- Born: c. 1971 (age c. 54)
- Education: University of Melbourne (MA)
- Spouse: Matthew Saville ​(m. 2003)​
- Children: 2 sons

= Bryony Marks =

Australian composer

Bryony Marks (born c. 1971) is an Australian composer of film scores and theatre music, for which she has won several awards and been nominated for many others. Among her television credits are Please Like Me and Barracuda, and films include Berlin Syndrome and 2040. She has also composed the music for many of the films directed by her husband, Matthew Saville.

Marks is acclaimed for her hallmark "fascination with music from different cultures and 20th century form" and is sought after for her "classical flair and insider's perspective".

==Early life and education==
Marks' parents own(ed) a vineyard in Gembrook, in the Dandenongs, near Melbourne in Victoria. She was born around 1971.

She completed a Postgraduate Diploma in Music Composition for Film and Television at the Melbourne Conservatorium of Music, part of University of Melbourne, achieving first class honours.
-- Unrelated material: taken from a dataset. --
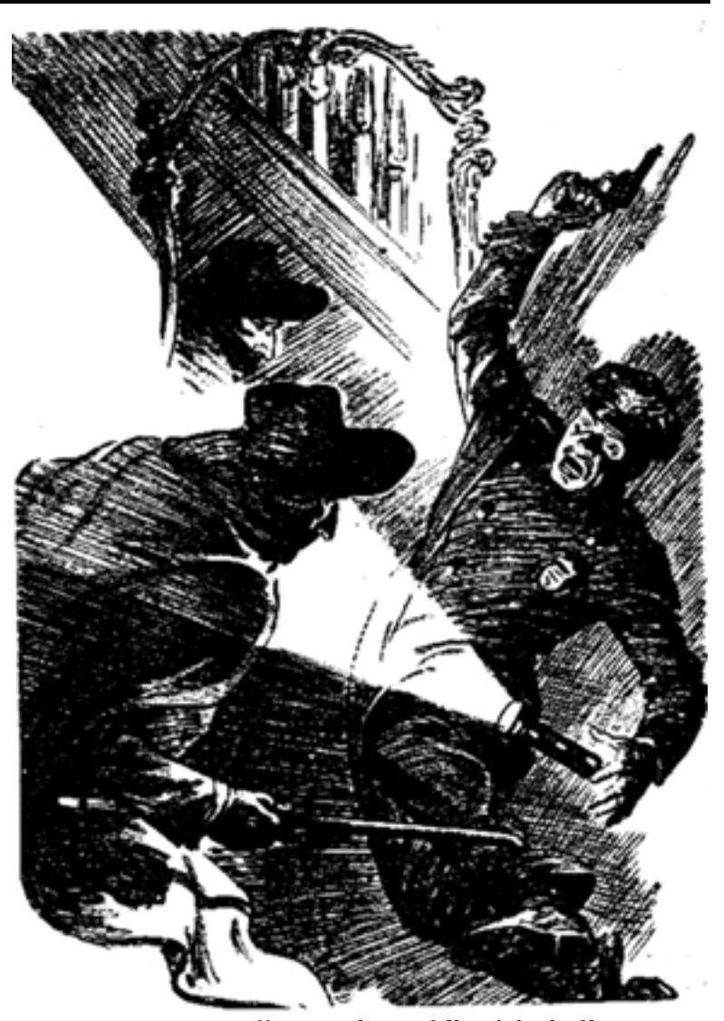
Meeting an officer in the middle of the hallway, The Shadow side-stepped and caught his adversary's ankle with the cane handle.

Headlights, faced the opposite direction, were hidden by the hedge as the limousine rolled away. Finished with their useless fusillade, the searchers came plunging through the hedge a little later; but, by then, the limousine's taillights had vanished in the distance.

In 2001 she attended the inaugural program for composers at the Australian National Academy of Music, where she studied under Simon Bainbridge and Karen Tanaka.

She first met her future husband, filmmaker Matthew Saville, at the Victorian College of the Arts.

==Career==
Marks composed music for several stage productions in the 1990s, and in 2004 participated in MODART05, an event hosted by Song Company and the Australian Music Centre.

In September 2007, she composed the music for Saville's opera, Crossing Live. Staged at the Malthouse Theatre in Melbourne, the work won Victorian Green Room Awards in New Operatic Work and Best New Australian Opera Work.

Marks has written the scores for several films and TV series directed by Saville, including his debut feature film, Noise (2007); Felony (2013); Please Like Me; and his 2007 documentary The King: The Story of Graham Kennedy, about Australian entertainer Graham Kennedy. She composed the music for the Chris Lilley series We Can Be Heroes (2005), Summer Heights High (2007), and Angry Boys.

She teamed up with the creator of Please Like Me, Josh Thomas, for the second time, to create the music for his TV series made in the US, Everything's Gonna Be Okay, in 2020–2021.
In 2021 Marks released LOCKDOWN Birdsong, featuring Kristian Chong and Erica Kennedy, which reflected on the first Melbourne COVID-19 lockdown. The work was accompanied by a short film showing footage of the surroundings that inspired the music.

Other film and TV credits include:
- Damon Gameau's 2040
- Tori Garrett's 2017 film Don’t Tell
- Cate Shortland's Berlin Syndrome
- Lambs of God
- the ABC miniseries Barracuda, based on the book by Christos Tsiolkas
- The King: The Story of Graham Kennedy, a 2007 documentary directed by Saville

Marks has said:
I am drawn to projects which move me, which speak to the human condition in all its crazy glory. There's no one subject, genre, sub or dominant culture that particularly resonates for me. Rather I would say my favourite projects have shared an element of authenticity, of honesty, expressed in manifold ways.

==Awards==

| Year | Award | Work | Result | Reference |
|---|---|---|---|---|
| 2017 | Film Critics Circle of Australia Award Best Original Score | Berlin Syndrome | Won |  |
| 2019 | 9th AACTA Awards Best Original Score in Television | Lambs of God | Won |  |
| 2019 | 9th AACTA Awards Best Original Score in a Documentary | 2040 | Won |  |
| 2019 | APRA AMCOS Screen Music Awards Best Music for a Documentary | 2040 | Nominated |  |
| 2019 | APRA AMCOS Screen Music Awards Best Soundtrack Album | 2040 | Nominated |  |
| 2019 | APRA AMCOS Screen Music Awards Best Music for a Mini-Series or Telemovie | Lambs of God | Nominated |  |
| 2020 | APRA AMCOS Screen Music Awards Best Music for a Television Series or Serial | Everything's Gonna Be OK | Nominated |  |
| 2020 | APRA AMCOS Screen Music Awards Best Soundtrack Album | Lambs of God | Nominated |  |

==Personal life==
Marks married Australian film director Matthew Saville in 2003 at her parents' vineyard, and they have two sons.